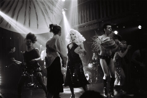 burlesque stripteases, clowns, dragqueens and kings, rappers, aerial artists and circus performers, fag and jazz singers, lost poets, bodies, songs, the unexpected...
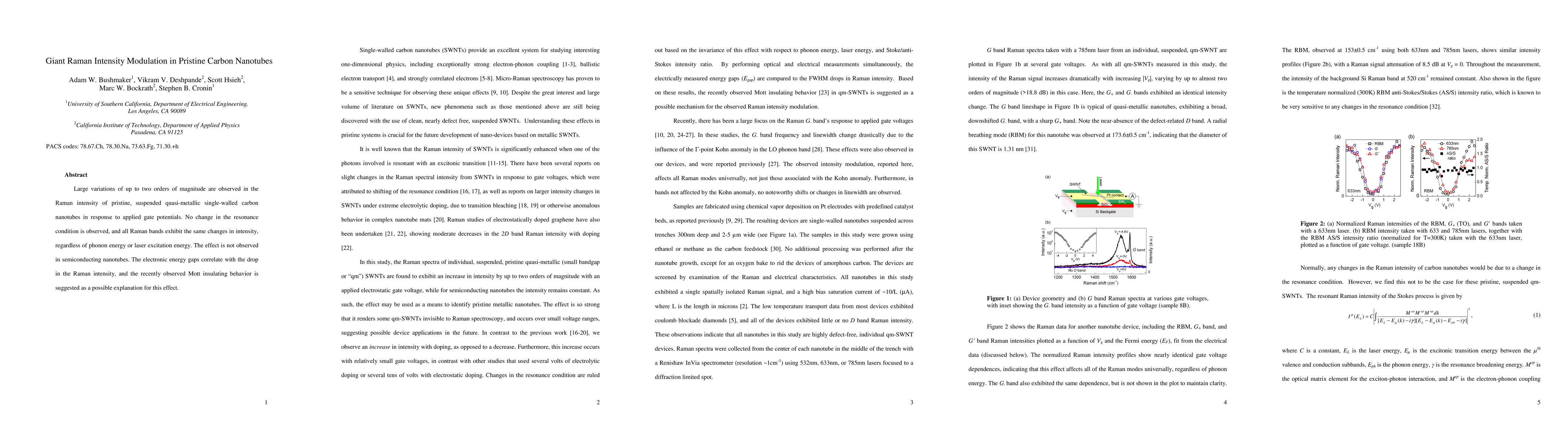 This study reveals significant Raman intensity modulation in pristine, suspended quasi-metallic single-walled carbon nanotubes under applied gate potentials, with no change in resonance conditions. The phenomenon correlates with electronic energy gaps and may be explained by Mott insulating behavior.
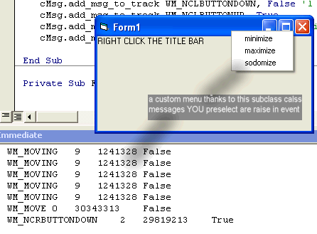This is a wonderful subclassing .dll for anyone but particulary the beginner or intermediate programmer or anyone who doesn quite have a full handle on subclassing but still wants to be able to use the awesome Free power of it. This class is extremely simple and straightforward to use and contains 2 properties and 2 methods and 2 events and has a small help file as well. This subclassing project also allows you to not only intercept, but choose to discard or keep the message. A very simple example is given to show you the awesome potential and power subclassing has.

####

## WHAT IS EXPECTED
Copy out all the data without changing anything, and drop the pictures.

## WRITTEN ANSWER
 burlesque stripteases, clowns, dragqueens and kings, rappers, aerial artists and circus performers, fag and jazz singers, lost poets, bodies, songs, the unexpected...
 This study reveals significant Raman intensity modulation in pristine, suspended quasi-metallic single-walled carbon nanotubes under applied gate potentials, with no change in resonance conditions. The phenomenon correlates with electronic energy gaps and may be explained by Mott insulating behavior.
This is a wonderful subclassing .dll for anyone but particulary the beginner or intermediate programmer or anyone who doesn quite have a full handle on subclassing but still wants to be able to use the awesome Free power of it. This class is extremely simple and straightforward to use and contains 2 properties and 2 methods and 2 events and has a small help file as well. This subclassing project also allows you to not only intercept, but choose to discard or keep the message. A very simple example is given to show you the awesome potential and power subclassing has.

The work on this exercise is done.